Studies of long-term survivors of PDAC have shown that neoantigens may stimulate T cells in PDAC, the paper stated. While PDAC is fatal for 88 percent of patients, the pancreatic cancer harbours mutation-derived T cell neoantigens suitable for vaccines, according to Rojas et al.
Therefore, the researchers wanted to confirm whether adjuvant individualised vaccines can stimulate neoantigen-specific T cells in these PDAC patients.

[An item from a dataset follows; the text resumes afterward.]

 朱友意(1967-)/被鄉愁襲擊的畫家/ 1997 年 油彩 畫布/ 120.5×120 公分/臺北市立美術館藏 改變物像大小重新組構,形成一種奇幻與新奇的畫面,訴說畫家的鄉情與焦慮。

Therapeutic mRNA vaccine technology has facilitated the rapid delivery of individualised neoantigen vaccines fully integrated into a routine oncologic workflow, the paper highlighted.
Method and results of the Phase I trial
The intravenously delivered mRNA vaccine was safe and generated substantial neoantigen-specific T cells in half of unselected patients with resectable PDAC, the study reported.

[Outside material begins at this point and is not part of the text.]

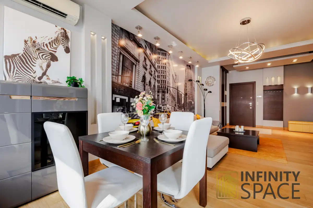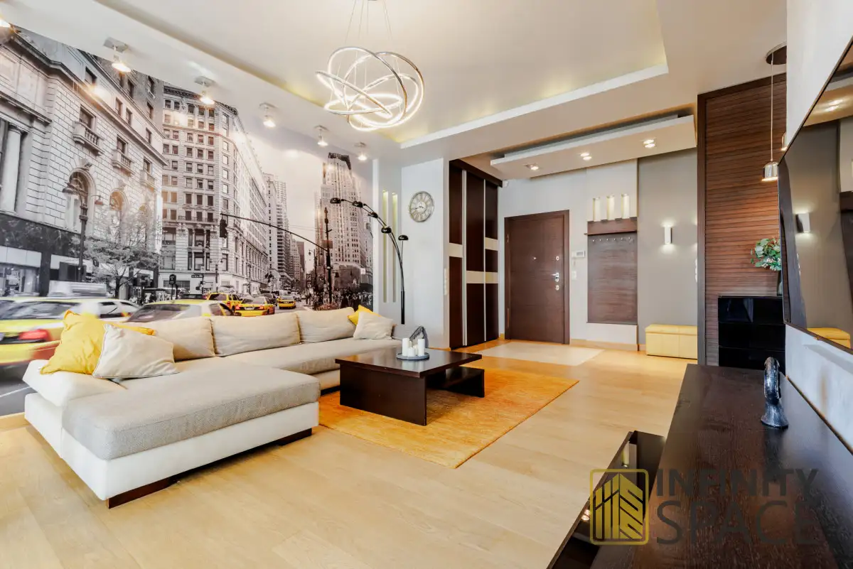 LOCATIONThe flat is located in the vibrant district of Wola, in the heart of Warsaw, close to Grzybowski Square. The central location provides excellent communication - both by car and by public transport. Numerous bus and tram stops, the Rondo ONZ and Świętokrzyska metro stations and the Dworzec Centralny railway station are within walking distance. It also takes less than 20 minutes to get to the Fryderyk Chopin Airport. Right next to the building, in addition to numerous shops, restaurants and cafés, there is the Złote Tarasy shopping centre. In recent years, the steadily developing Grzybowski Square has begun to impress with a multitude of cultural events - festivals, concerts, vernissages or shows. There is probably no similar place on the map of Warsaw that combines both centuries-old monuments and tradition with modern, trendy dining establishments. The place attracts not only the city's inhabitants, but also foreign visitors, who have created a unique space for cultural integration here. The proximity of numerous theatres, cinemas, galleries and museums make the location absolutely unique. The charming Saski Park within walking distance, the historic Old Town or the long commercial tradition of Hala Mirowska give the place a unique character.

Post-surgery, patients were sequentially administered with anti-PD-L1 immunotherapy atezolizumab, autogene cevumeran (a maximum of 20 neoantigens per patient) and a modified version of a four-drug chemotherapy regimen (mFOLFIRINOX).
Autogene cevumeran was administered within three days of benchmarked times, was tolerable and induced de novo high-magnitude neoantigen-specific T cells in eight out of 16 patients, with half targeting more than one vaccine neoantigen.
Vaccine-expanded T cells were found to comprise up to 10 percent of all blood T cells, re-expanded with a vaccine booster and included long-lived polyfunctional neoantigen-specific effector CD8+ T cells. At 18-month median follow-up, responding patients with vaccine-expanded T cells had a longer median recurrence-free survival compared with patients without vaccine-expanded T cells.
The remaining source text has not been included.